The Na+/K+-ATPase, is a small, but nonetheless important membrane-bound active ion-transporter protein that is expressed in all multicellular organisms. This ATPase belongs the P-type ion-motive APTase family, in which also contains other H+, H+/K+, Ca2+, and heavy metal pumps. The Na+/K+-ATPase is a heterodimer containing alpha- and beta-subunits. The alpha-subunit is the catalytic subunit with a size of approximately 100kDa. In mammals, it has been noted the ATPase is composed of at least three a-subunits and three b-subunits. However, there is no evidence indicating the expression of different isoforms in insects, which is the one I'm studying. The active transport of ions across membranes by this ATPase is the greatest single energy-consuming process in most cells. Depending on the tissue type, the Na+/K+-ATPases consume between 5 – 40% of the cellular energy expenditure. Thus despite its small size, the Na+/K+-ATPase is a very important protein, especially in sensor/nervous/muscular cells where it is essential in conducting action potentials, and in renal cells where it regulates the reaborption of sodium.

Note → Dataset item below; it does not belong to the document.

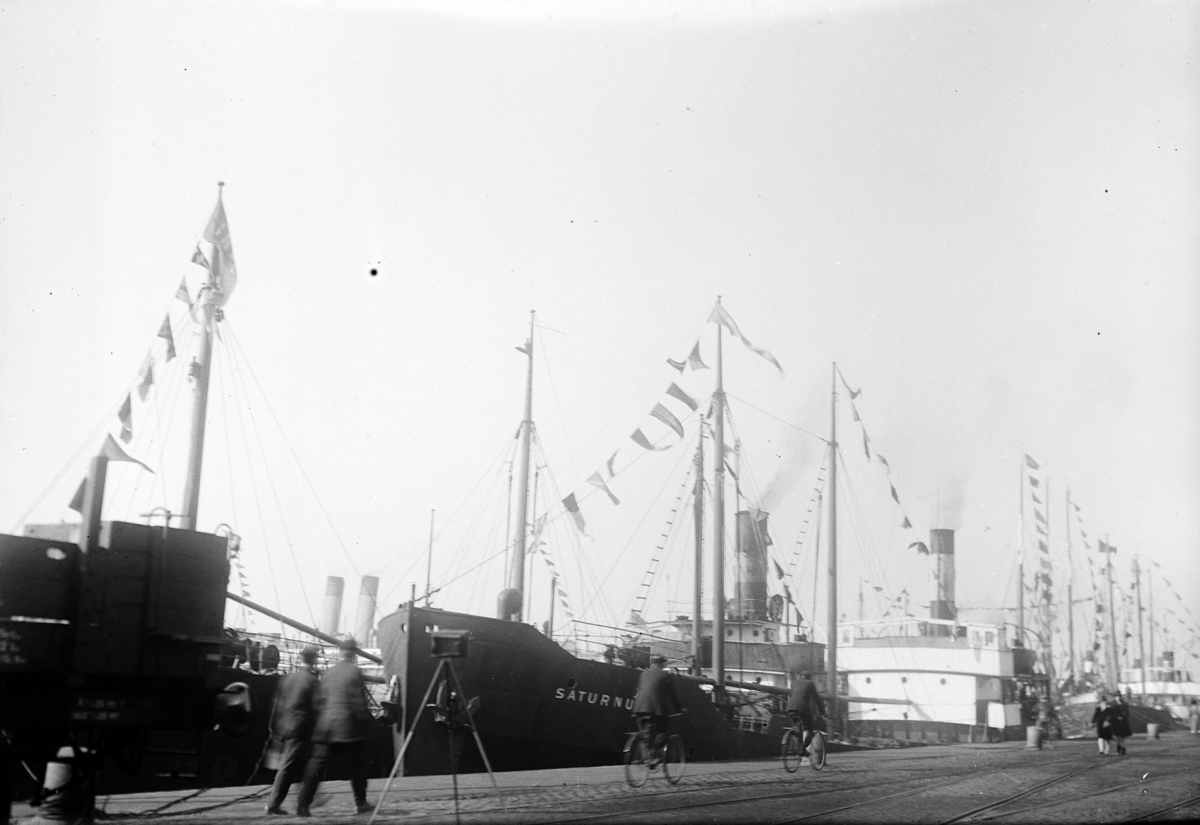Båtar. Båtar med flaggspel i hamnen. En av de är Saturnus.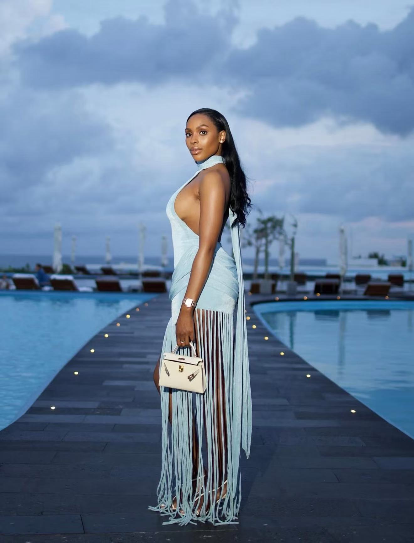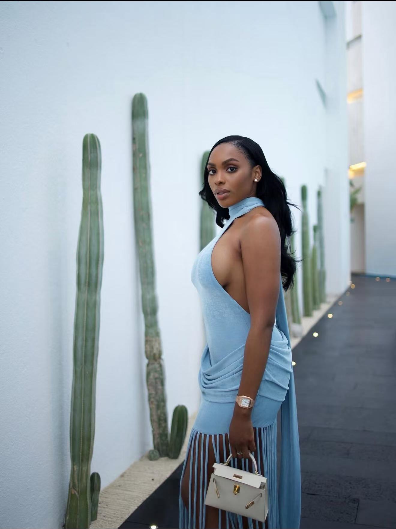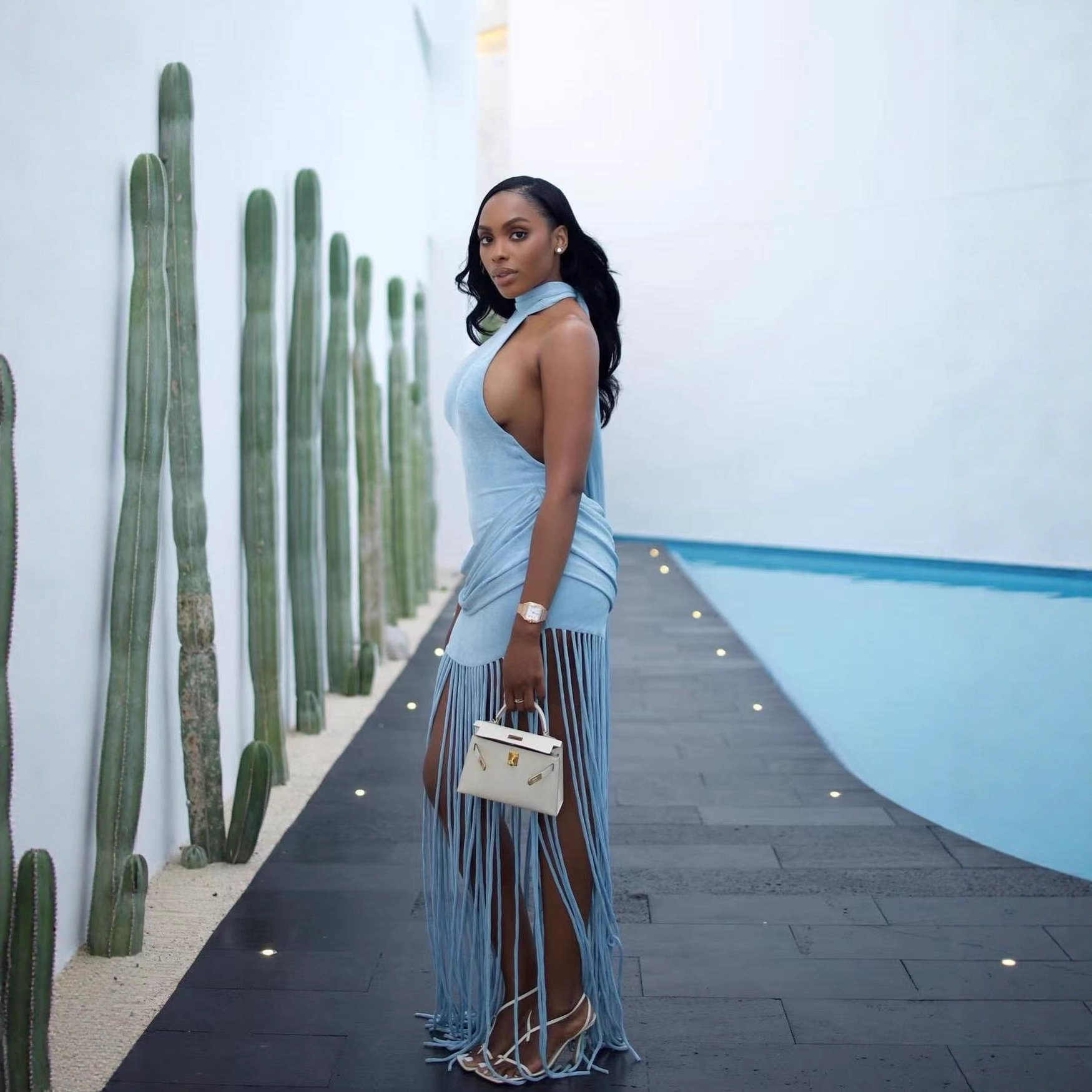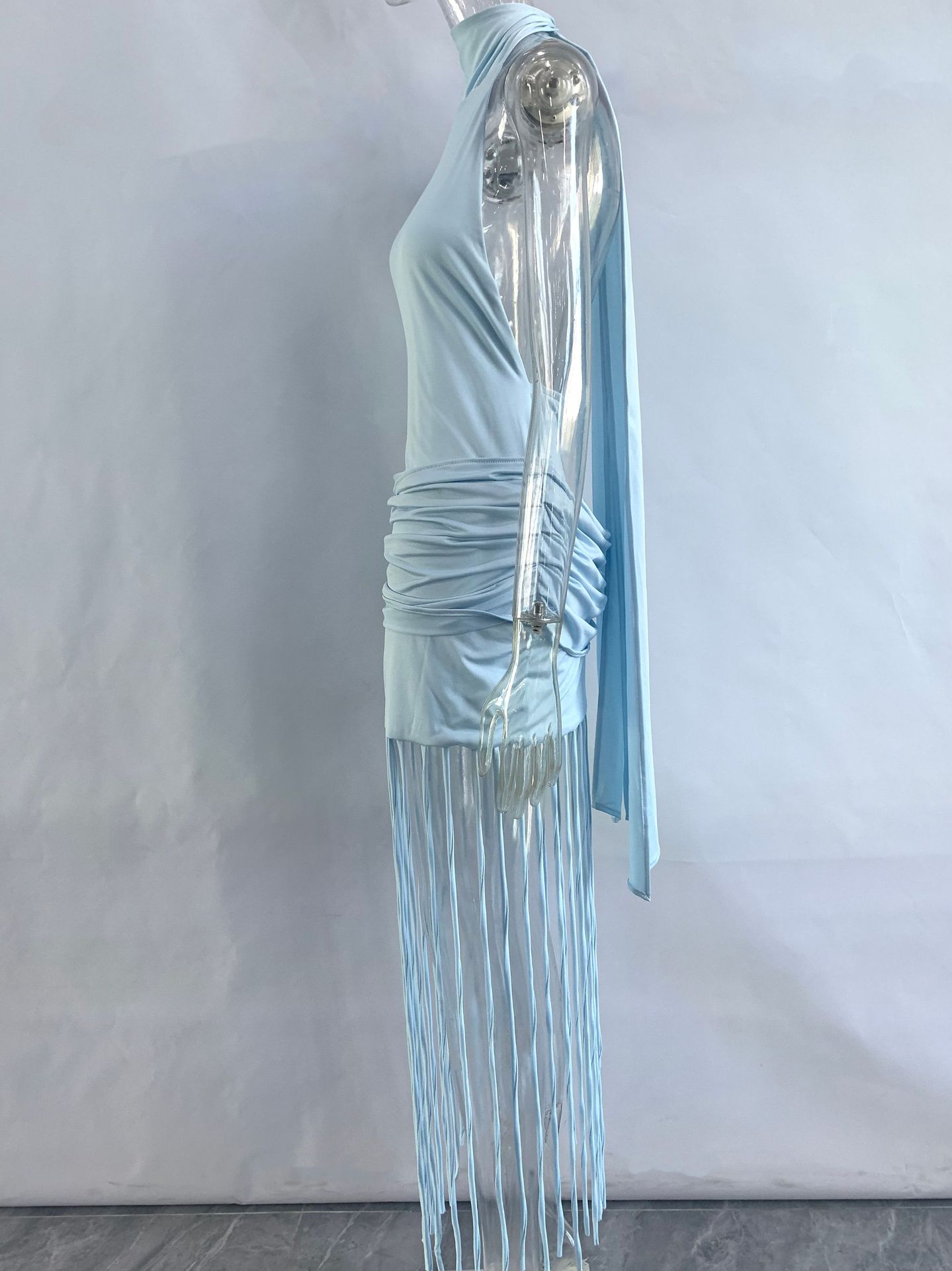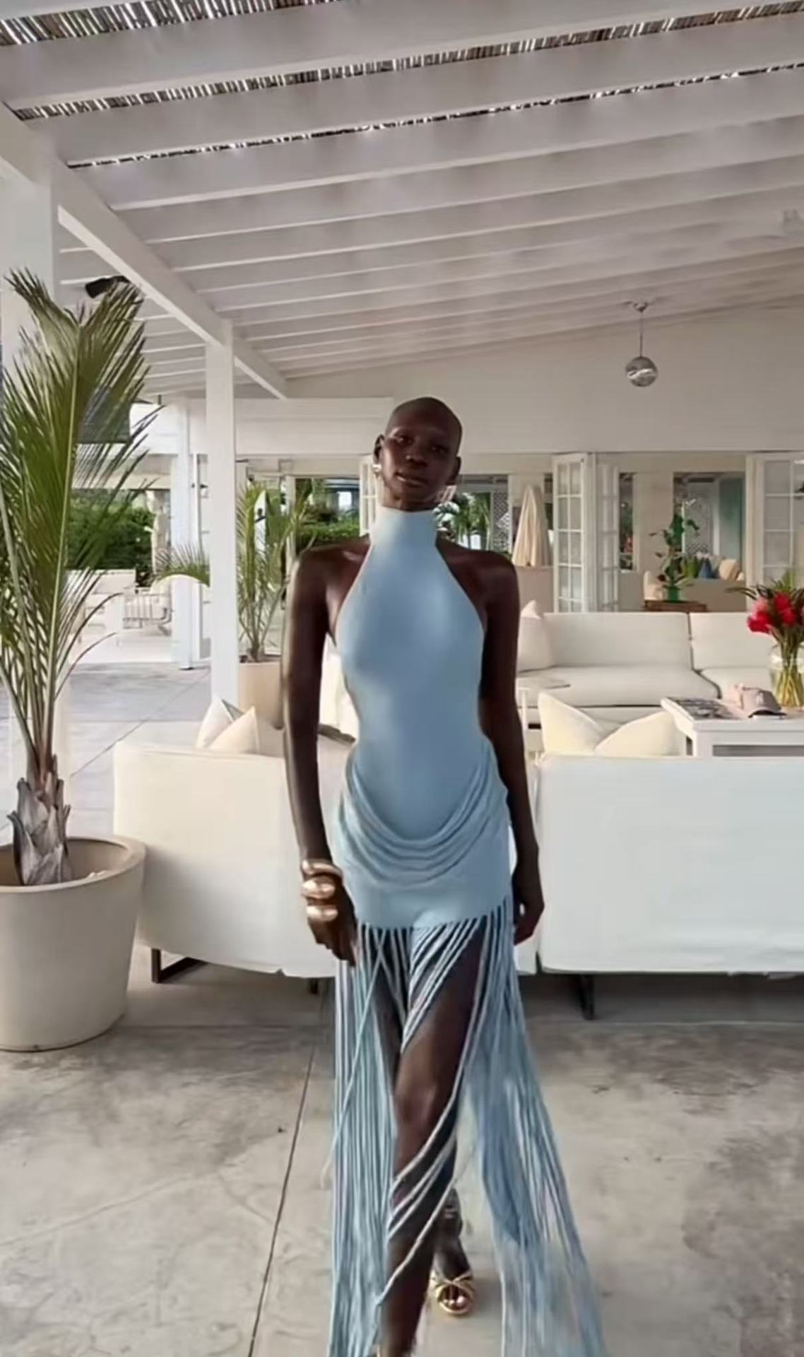 Womens Halterneck Backless Fringe Sexy Bodycon Dress

 The key roles of this ATPase include, but not limited to regulating cell volume regulation, providing ion gradients that facilitate the movement of other solutes, and acting as a physiological regulator. Moreover, researchers have also demonstrated that in cardiac muscles, the Na+/K+-ATPase can even act as an indirect regulator of the myocardium contraction. In addition, the ion gradients provided by the ATPase across plasmalemmal membranes are also critical to cells, especially to those sensory, muscular and nervous cells.

Balanced Na+ and K+ ion-gradients across the neuronal membranes are essential for neurons to generate and conduct action potentials along their axons. The Na+/K+-ATPase assists neurons to sustain their Na+ and K+ homeostasis by shuffling Na+ and K+ ions across the plasma membranes. Through per ATP expenditure, this ion-transporter protein exports 3 Na+ ions out to the extracellular space for every 2 K+ ions imported into the cytoplasm. Due to the vital role of the Na+/K+-ATPase in sustaining action potentials, which is depended on the establishment of the Na+ and K+ homeostasis across the cellular membranes, the activity of this ATPase is targeted by multiple regulatory mechanisms to ensure its correct functioning. Failure in the regulatory mechanisms would often lead to deleterious effects.

 

To ensure its survival, a cell has overlapping mechanisms to failproof its regulations on the Na+/K+-ATPase. For example, the ATPase activity is enhanced by its substrates, or inhibited by cardiac glycosides. In addition, the Na+/K+-ATPase enzyme and substrate affinity also varies according to the cellular environment. Researchers have demonstrated that the addition of cytoskeletal proteins can increase the affinity of Na+/K+-ATPase for ATP. Furthermore, various hormones, such as insulin, and other signalling molecules can affect the activity of the protein positively or negatively. Moreover, the activity of the ATPase is also subject to regulation by reversible protein phosphorylation.

As you can sell, despite the relatively small size of the Na+/K+-ATPase, the rigorousity of the mechanisms that are regulating the Na+/K+-ATPase is undeniable. These mechanisms proved the importance of this protein and ensured that it is always being kept under its optimal condition to maintain the Na+ and K+ ion-gradients, a duty that is critical to an organism’s survival.